Friday, October 21, 2005

Jealousy

Friday, October 21, 2005
Almost everyone experiences a visit from jealousy, the nasty green-eyed monster, at some point in our lives. Either it's over a best friend's career success or a gorgeous person flirting with their loved one. We tend to think of jealousy as a single emotion, but it is actually a mixture of a whole bunch of feelings. It can manifest itself as sadness, hurt, anxiety, fear, loneliness, paranoia, self-doubt, anger, and even extreme rage.
While we can't necessarily stop this visit from jealousy from time to time, we can control how we choose to act when it hits. When it consumes our thoughts or triggers behavior that can harm relationships or another person, that's when jealousy is truly a monster.
For every jealous feeling there is an emotion lurking behind that is much more significant than the jealousy itself. Jealousy is just the finger pointing at the fears that we are afraid to face. More often than not, the culprit is a feeling of low self-worth and a fear that we are not good enough to hold on to the things that mean to us.
The law of love constrains us to rejoice rather than to be distressed at the good fortune of our neighbour. The envious man tortures himself without cause, morbidly holding as he does, the success of another to constitute an evil for himself. Jealousy is most evil when one repines at another's spiritual good. It is then said to be a sin. In its intense forms, it is a horrible, tormenting obsession.
Jealousy involves having something highly valued and losing it to the competition that hurts, angers, and shames us. Even if you try to bury your jealousy and never verbalize it to anyone, you have to realize that you are building walls and separation between you and other people until you deal with it and heal what's underneath.

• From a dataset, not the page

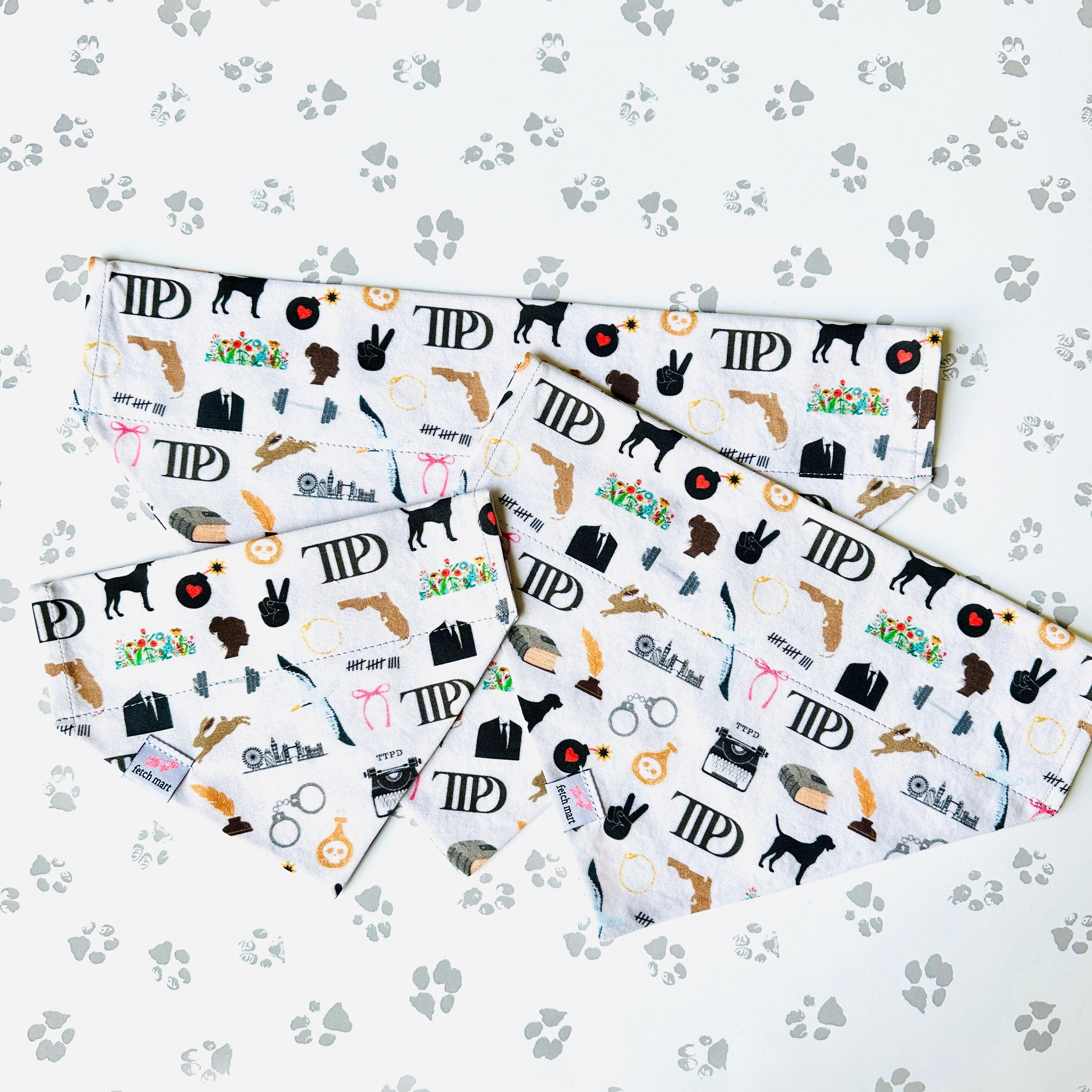 The TTPD Era Bandana is made with 100% cotton fabric. Designed by Fetch Mart, this one of a kind bandana features designs that represent the TTPD Era.

Just to straighten things out:
  • Jealousy is experienced when something you have is taken away or is threatened by someone else.
  • Envy is when you do not measure up to someone else or you very much want something someone else has.
  • Rivalry is when no one yet possesses the thing you desire and there is keen competition for the desired goal.

So which of this is the one actually bugging you? The best solution to overcoming any of this is getting away from it. Find other things to amuse yourself. Self-indulge yourself in things you like doing. If you are not meant to have something, then it is meant to be like that.

Don't try to force things to happen. Things happen for a reason somehow. There is a whole wide world out there. No point staying back in the past tormenting yourself because that will not get you anywhere but in your own selfish obsession. Imagine how much time and energy you spend on being jealous when all you have to do is find something new and refreshing and by then you'll be saying "Jealousy who?" =P

It does take sometime getting use to but you'll find that in the end, its just one of those days when things just don't go the way you want it to. If you were given everything you wanted so easily, you'll never appreciate what you have. So there is something good out of this but jealousy can cause insanity and possessive of things or persons. So watch out for the green-eyed monster.